Lancashire At War.co.uk
Exploring the hidden history of War sites in Lancashire
Mellor Blackburn ROC
Mellor Moor Royal Observer Corps Monitoring Post.
The underground nuclear monitoring post was opened in July 1959. It would be used in the event of a nuclear bomb attack. Three men from the Royal Observer Corps would stay in the post for two weeks, with no supplies from the outside world. This meant that the post would have its own source of power, ventilation, communications, food and water.
Their job would be to monitor the nuclear bomb explosion for “blast pressure, power and flash”. The next task was to monitor the amount of radiation in the immediate environment so that the “local population would be informed of the amount of danger they were in.”
The post was closed in October 1968, and subsequently the underground part was sealed. There are still quite a few features to be seen above ground today. The main shaft which provided entrance via a ladder is the largest of the structures. Connected to it is the ground zero indicator. The nearby smaller concrete structure is the air ventilator. In between the two concrete structures is a metal tube with a flat discs on top. These are the bomb power indicator baffle plates.
The site was also used in World War 2 as a look out post. Staffed again by the Royal Observer Corps, it was used for identifying and tracking aircraft, both friend and foe. It overlooks BAE Salmesbury, which during the war was a factory site building military aircraft as well as being an RAF base.
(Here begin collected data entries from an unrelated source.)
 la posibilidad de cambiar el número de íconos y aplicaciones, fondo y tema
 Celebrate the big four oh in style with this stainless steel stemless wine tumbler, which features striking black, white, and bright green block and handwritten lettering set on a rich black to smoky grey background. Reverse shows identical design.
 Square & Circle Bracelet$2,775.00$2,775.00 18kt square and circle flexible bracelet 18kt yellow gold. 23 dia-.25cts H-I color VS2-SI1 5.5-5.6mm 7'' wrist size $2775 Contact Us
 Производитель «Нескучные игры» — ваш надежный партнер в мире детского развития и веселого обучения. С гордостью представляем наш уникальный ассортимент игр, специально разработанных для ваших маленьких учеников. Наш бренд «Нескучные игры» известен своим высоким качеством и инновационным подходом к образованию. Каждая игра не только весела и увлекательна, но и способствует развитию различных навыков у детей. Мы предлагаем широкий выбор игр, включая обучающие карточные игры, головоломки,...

However, Mellor Moor hilltop has even older roots. A Roman signal station was built here in the first century, to overlook Ribchester Roman Fort and the Roman road heading south.
The circular stone built "cairn" is a Millenium Project with a map of the view from the site and is not associated with the ROC station.
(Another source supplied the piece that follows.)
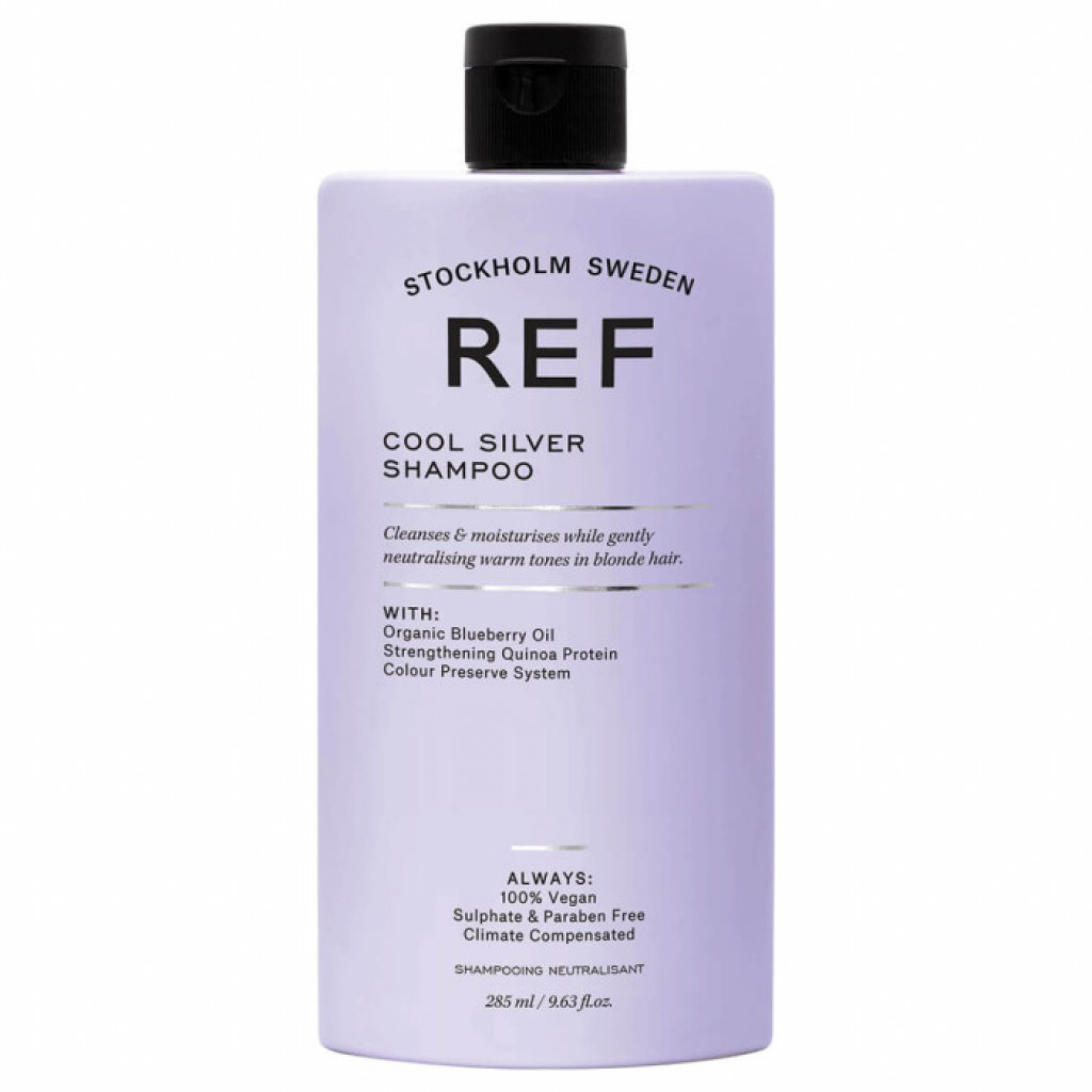 REF Cool Silver Shampoo - шампунь для світлого волосся. Створений для дбайливого догляду за забарвленим, сивим, освітленим і натуральним світлим волоссям (рівня 8 і вище). Він є безсульфатним шампунем із тонувальним ефектом, легко розподіляється по шкірі голови та волоссю та забезпечує гігієну та додатковий догляд. Незважаючи на те, що засіб містить олії, він не робить волосся сальним, а навпаки — забезпечує прикореневий об'єм, чистоту та легкість.

Above: The large square building is the main shaft down to the station.
Below Left is the ground zero indicator
Below Right is the air ventilator
Below: The site has an interpretation board (from which the above quotes are taken) and an excellent cut away diagram showing labeled external and internal structures.
Above - Left to right: The air ventilator; the bomb power indicator baffle plate; the modern Millenium Project "cairn"; the main shaft and ground zero indicator.
Above: The site in the middle of the picture, BAE Salmesbury in the distance below, with a trig point in the foreground.